When forming the Red Team, do your best to pull members of your staff who have not been on the Red Team in the past, or at least not recently. Using non-security-team personnel on the Red Team and rotating those personnel regularly can provide an incredible morale boost to your organization because:
It's fun and different from being the defender.
It's a good learning experience.
It keeps people from feeling like being on the Blue Team is a test.
It builds investment in the success of security exercises.
Not everyone on the Red Team needs to be technical. Plenty of exercises can have a social-engineering aspect to them, and those are carried out just as well by non-technical staff from time to time.
Give the red team plenty of preparation time, but urge them to keep the nature of the planned exercise a secret. Most white-hats who don't do security full time (and many who do!) don't have much experience carrying out mischief, so they'll need time to familiarize themselves with tools and test techniques. This becomes faster and more lightweight the longer your organization does security exercises, because once you are practiced, there likely will be one experienced Red Team member participating in each exercise to help the less-experienced ones.
Not all exercises need a White Team. However, if any part of the exercise is hypothetical rather than happening live, a White Team is necessary to answer any questions not explained in the hypothetical. The White Team may have to improvise, if it's asked something the exercise designer did not expect!
White Team members often play bit parts in the exercise as well, representing entities outside the project, such as frustrated users or curious reporters.
The Blue Team is everyone not explicitly placed on the White or Red Team and not explicitly excluded from the exercise. The Blue Team is generally responsible for reacting to the simulated security incident as it would to a real one. The main differences will be that, unless you have a partner organization that participates in your security exercises, any outside communication that would happen in a real incident is directed instead at the White Team during exercises.
It is of paramount importance that members of every team record their actions and ideas throughout the exercise. The most important part of any exercise is what is learned from it, and if the knowledge isn't captured, the team as a whole won't learn.

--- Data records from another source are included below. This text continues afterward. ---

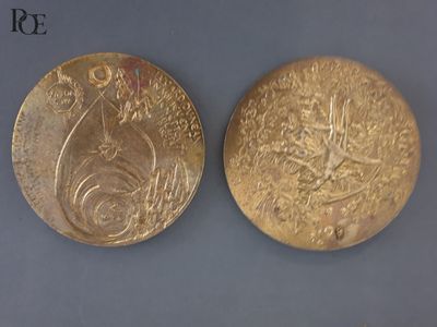 Ensemble de deux médailles de voeux en bronze doré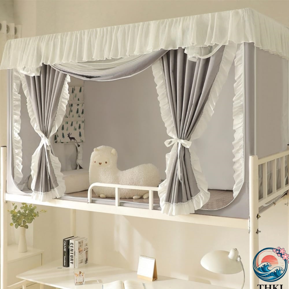 蚊帳一人用 おしゃれベッド用 学生寮 上段と下段蚊帳 室内テント式シングル底付きトップ防塵遮光布ベッドカーテン二段ベッド学生寮の場合 防塵 多機能 取り付け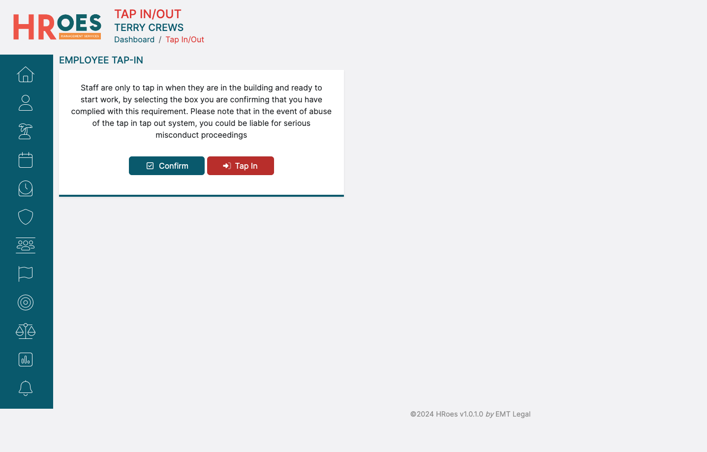 This article will guide you on how to use the Tap in/Tap out function in the HRoes system.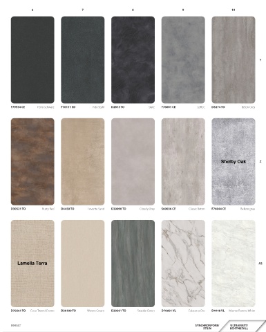D70561 TO Coco Tweed Creme D30100 TO Woven Cream D30501 TO Seaside Green D70601 VL Calacatta Oro D4448 VL Marmo Romeo White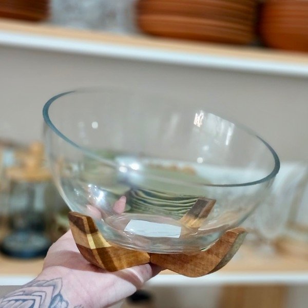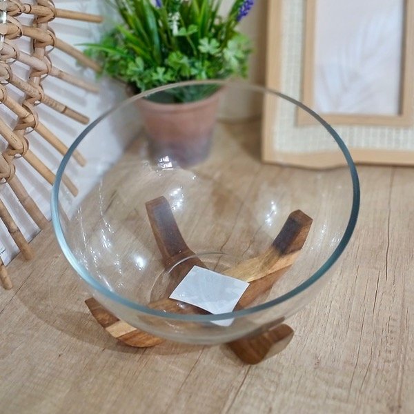 Este bowl de vidrio con base de madera es ideal para servir o transportar tus preparaciones de forma segura y con estilo.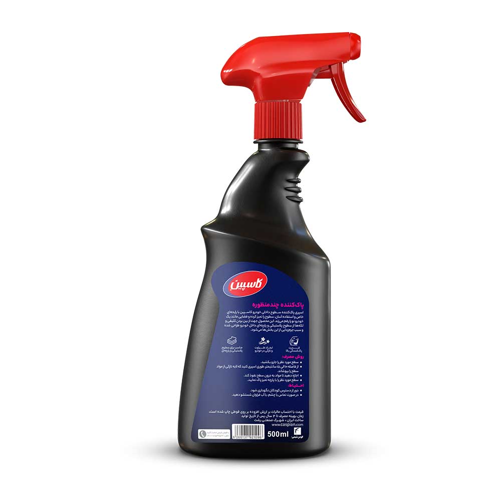 اسپری پاککننده چندمنظوره کاسپین با رایحه خاص و استفاده راحت، جهت ازبینبردن کثیفی و لکهها از انواع سطوح داخل خودرو مانند سقف، موکت، کمربندها و انواع سطوح پلاستیکی طراحی و ساخته شده و سبب جرمزدایی از این سطوح میشود. √بدون آثار لک بعد از خشک شدن √خوشبوکننده فضای داخل خودرو √قدرت تمیزکنندگی بالابدون آسیب به سطوح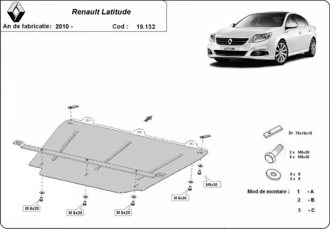Protection sous moteur et de la boîte de vitesse Renault Latitude (2010-2015)
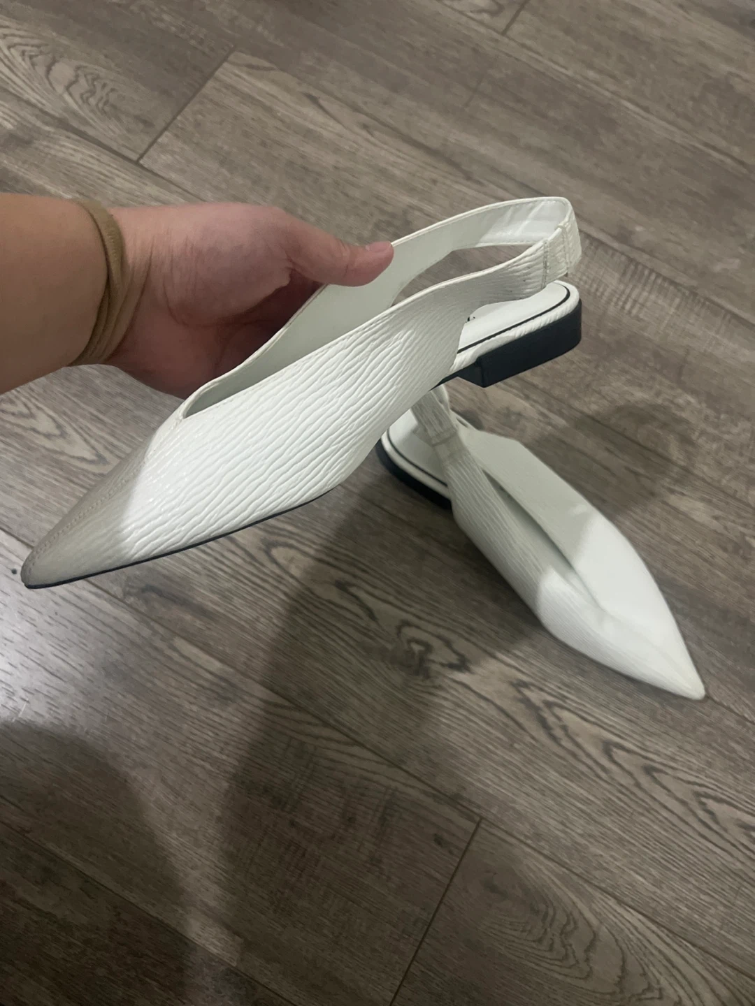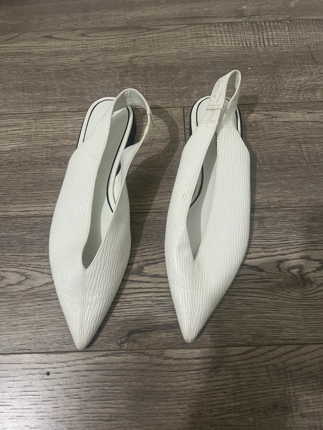 Stylish Zara white slingback flats with a pointed toe. Textured faux leather material. European size 39.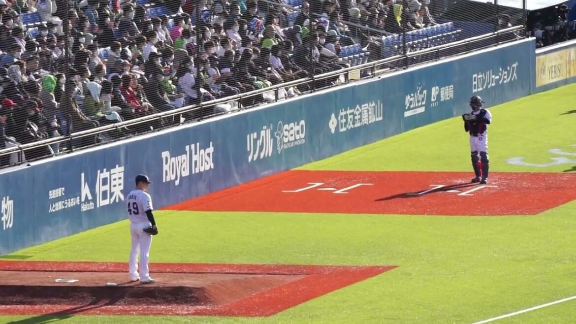 8回裏 成田翔投手がブルペンで投球練習を始める。

Debriefing an exercise ideally is done within a few hours of the exercise's conclusion. However, with longer, more complex exercises, this may not be possible. I cannot stress enough the importance of good record-keeping to ensure that nothing significant is forgotten before the debrief.
Typically, the incident response leader (Blue Team lead) is responsible for writing a report on the exercise. However, it's been my preference to ask that person to withhold the report until after everyone involved in the exercise has had a meeting to debrief the exercise so as not to taint anyone else's recollections.
The debriefing meeting should walk through the exercise from start to finish, giving everyone who participated the chance to voice thoughts, opinions and observations. Anyone interested should have the opportunity to ask questions, and good notes should be taken so that the Blue Team incident response team lead can integrate anything new and interesting into the final report.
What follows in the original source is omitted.